Avoiding Unqualified Buyers

Once you recognize the type of buyer you’re dealing with and their behaviors and expectations, it’s time to dig deeper. Understanding more about your buyers will allow you to weed out the pretenders, thereby spending more time on serious buyers and less on the dreamers. Let’s look at some practical applications for assessing buyers. 


A key part of your initial due diligence should be spent assessing the buyer’s motivations. How motivated do they appear to be? Do they quickly return your calls and emails? Are they eager to move forward, or are they overly critical of your business? 

A motivated buyer will eagerly jump through hoops. They’ll quickly return phone calls and emails. Despite any potential roadblocks, they’ll be keen to move forward. You don’t have to chase motivated buyers down – instead, they chase you down.

In 1964, Associate Supreme Court Justice Potter Stewart was asked to define hard-core pornography, to which he responded: “I shall not today attempt further to define the kinds of material I understand to be embraced … but I know it when I see it … ”

My response is the same when attempting to identify a motivated buyer – I know one when I see one.

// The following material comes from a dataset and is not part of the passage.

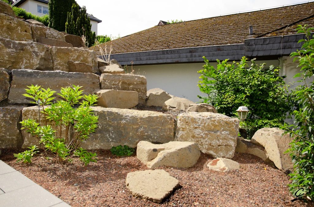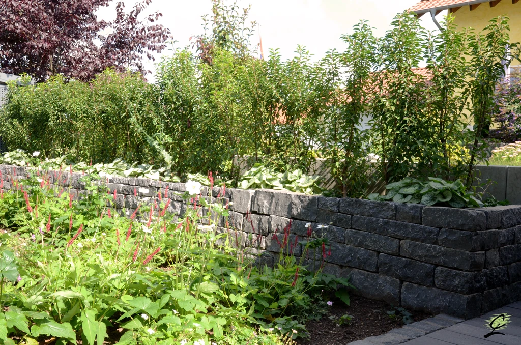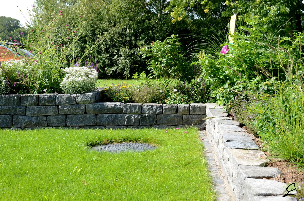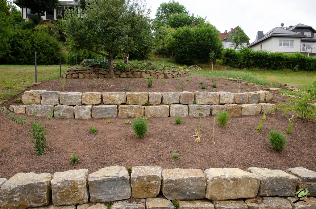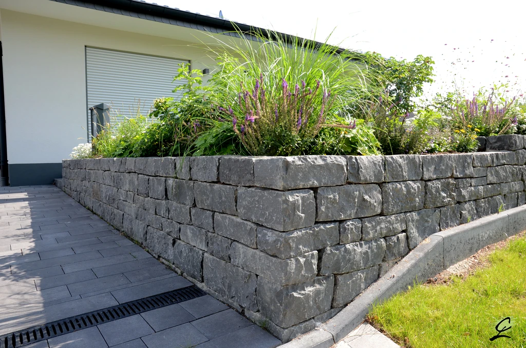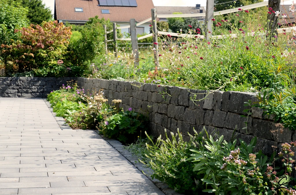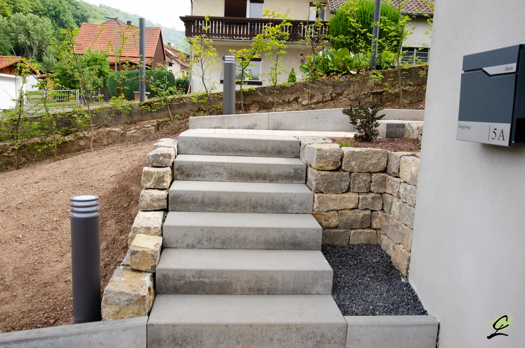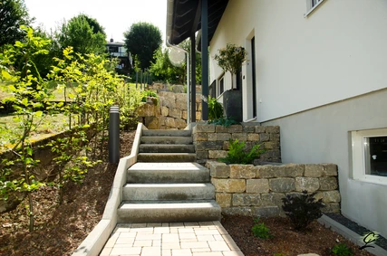 Auf dem knapp 700 m² großen Grundstück wurde ein neues Einfamilienhaus errichtet. Im Zuge dessen wurde die Außenanlage, insbesondere die Hangabfangung, der Eingangsbereich und die Terrasse gestaltet. Im Vorfeld erfolgte eine Planung mit Kostenschätzung durch unser Team. Während den Erdarbeiten für das Haus stellte sich heraus, dass die Erde eine Vielzahl von Basaltfindlingen enthält. Mit diesem Wissen im Hintergrund wurde die Terrassierung reduziert und die geplante Treppe durch den Hang deutlich vereinfacht, da so weniger Erde abgetragen werden musste. Nun ist der Hang in zwei Ebenen mit heimischen Muschelkalk-Quadern im hinteren Bereich des Hauses abgefangen. Die untere ca. 2,5 m hohe Mauer ist leicht in Richtung Hang geneigt und die größeren Fugen sind mit verschiedenen Mauerpflanzen begrünt. Seitlich fächert sich die Mauer auf und bildet so einen fließenden Übergang in die Schräge an den Grundstücksgrenzen. Von der großen L-förmigen Terrasse gelangt man über Trittsteine und Stufen aus vorhandenen Basaltfindlingen zum oberen Bereich des Grundstückes. Dort befindet sich auch ein Nutzgartenbereich. Der seitliche Hang zum etwas niedriger gelegenen Nachbarn wurde mit den ausgegrabenen Findlingen stabilisiert. Im Eingangsbereich bildet das Betonpflaster mit der gebrochenen Kante eine schöne Verbindung zwischen der Trockenmauer und den geraden Blockstufen und Einfassungen aus Beton.

If you’re in doubt, it’s unlikely they’re truly serious about buying a business.

Why Buyers Disappear

Buyers can disappear for any number of reasons. Maybe their priorities unexpectedly changed. Maybe, as in the case of a corporate buyer, there was an internal shakeup and the person you were dealing with is “no longer with the company.” Maybe the economy – or their slice of the economy – took a nosedive, prompting a spending freeze or more caution going forward. Maybe they found a better deal.

Stuff happens.

The solution is simple – don’t get emotionally involved with any one buyer. This doesn’t mean you shouldn’t be aggressive about selling your business. You should be a go-getter, but keep a level head and focus on running your business during the process and remain emotionally detached from any specific buyer.

Another point is, don’t become too emotionally attached to the idea of selling. Many sellers seem overly eager to sell their company and spend far too much time and effort thinking about the process, so they end up neglecting their business in the short term. EBITDA often declines as a result, and the value of their business suffers. Keep the pedal to the metal up until the day of closing if you want to maximize the purchase price. 


Here are the key points to bear in mind as you screen potential buyers:

  • Keep your cool and focus on running your business. 
  • Prepare a simple plan to sell and execute it with precision. 
  • Don’t become emotionally attached to the idea of selling your business or to any single buyer.

Screening potential buyers will help ensure you’re dealing with serious buyers who have the means and determination to follow through on the purchase, saving you time and money in the long run. Understanding the differences between various buyer groups will help you decide how to best approach marketing your business while also maintaining confidentiality.